How expensive are Bitcoin options?

Pre and post Crypto Black Thursday analysis


Bitcoin options traded volumes have been steady since 2019. On Deribit alone, ฿2,511 worth of quarterly options (March, June, September, and December contracts) have traded over the first five months of 2020 (Figure 1). The beginning of the year has been busy in terms of market moving events generating large spikes in volatility, raising the level of interest for derivatives, be it to hedge positions or to take advantage of the high volatility.

Two main events affected the market: the so called ‘Crypto Black Thursday’ of March 12th, with a collapse of the market (followed by a prompt recovery) and the Bitcoin halving, an event that occurs approximately once in four years. Beyond the usual study of traded volumes and generic implied volatilities, we decided to analyze options’ valuations from a trading perspective, and relative to other developed markets.

We used options trade data for Deribit from January 1st, 2020 to May 31st, 2020 and focused on March and June contracts.

Figure 1: Total weekly options traded volumes for 2020 quarterly expiries, Deribit. Source: Kaiko


  • Over the study period, implied volatilities track realized volatilities with different regimes, showing a slow return to normal following the Black Thursday crash, but with a similar shape to SP500 options.
  • During ‘normal’ market conditions (pre-crash and about one-month post-crash), Bitcoin options were not particularly expensive, with implied volatilities averaging around 110% to 120% of realized volatilities.

Options pricing and hedging basics

To assess how expensive options on any underlying assets (in our case BTC/USD) really are, let us have a look at the basics of options pricing and hedging.

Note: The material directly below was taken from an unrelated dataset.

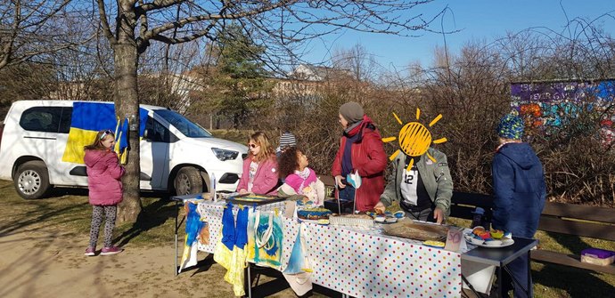 Und so bastelten die Mädchen und Jungen in der letzten Woche Friedenstauben und backten verschiedene Kuchen und Muffins – verziert in den Farben der ukrainischen Flagge. Danach starteten alle gemeinsam zur nahe gelegenen Parkanlage des Thüringer Bahnhofs in Halle (Saale), um das Gebäck zu verkaufen. Auch die Mitarbeiter:innen im Team waren aufgerufen, sich zu beteiligen.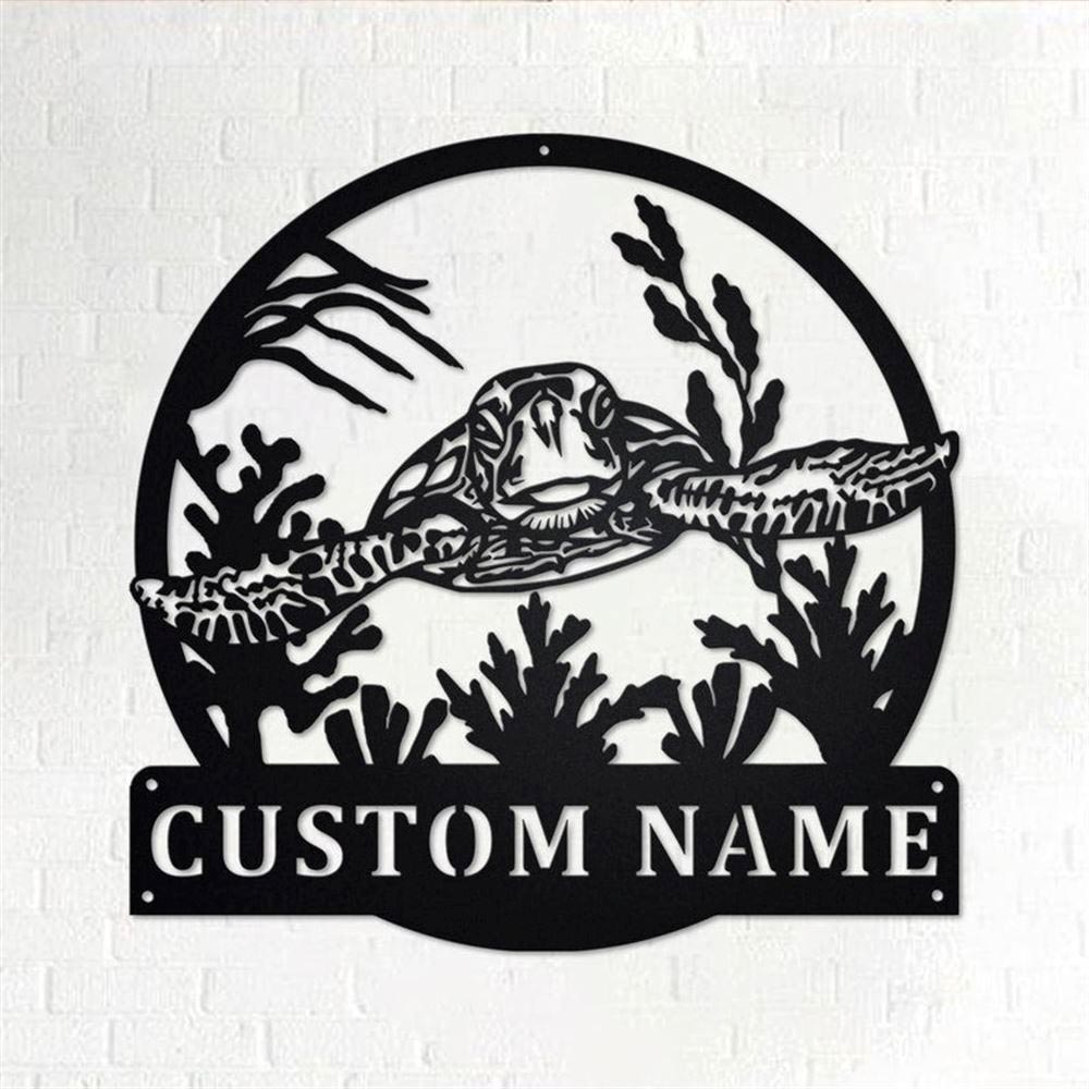 Personalized Metal Monogram Sign, Sea Turtle Monogram Wreath Front Door, Wreath Name Sign, Metal Wall Art

1. What is an option’s premium anyway?

The premium paid to buy an option reflects the likelihood that it will be exercised on maturity (in the case of a European option) and its expected payout. Many aspects of an option’s premium behavior can be expressed qualitatively: the higher the strike of a call option, the lower the premium; the longer the time to maturity, the higher the premium … Still, for the market to develop beyond pure speculation, one needs to be able to compute quantitatively, the ‘fair’ premium of an option given the market conditions at any given time.

When introduced, the Black–Scholes–Merton model (later referred to as BSM) solved this problem by providing participants with a ‘fair’ pricing equation for European options under specific conditions [2].

Delta Hedging

Specifically, the authors showed that at any point in time, it is possible to build a risk-less portfolio (as in, not exposed to movements of the underlying asset) by combining an option and some quantity (Delta) of its underlying asset. Since an option’s PnL profile is convex (nonlinear in the underlying asset price), the resulting portfolio will only be risk-less for a short period of time and will require periodic re-balancing (adjustment in the quantity of the underlying asset) to remain risk-less over time. Such a portfolio is called ‘Delta hedged’.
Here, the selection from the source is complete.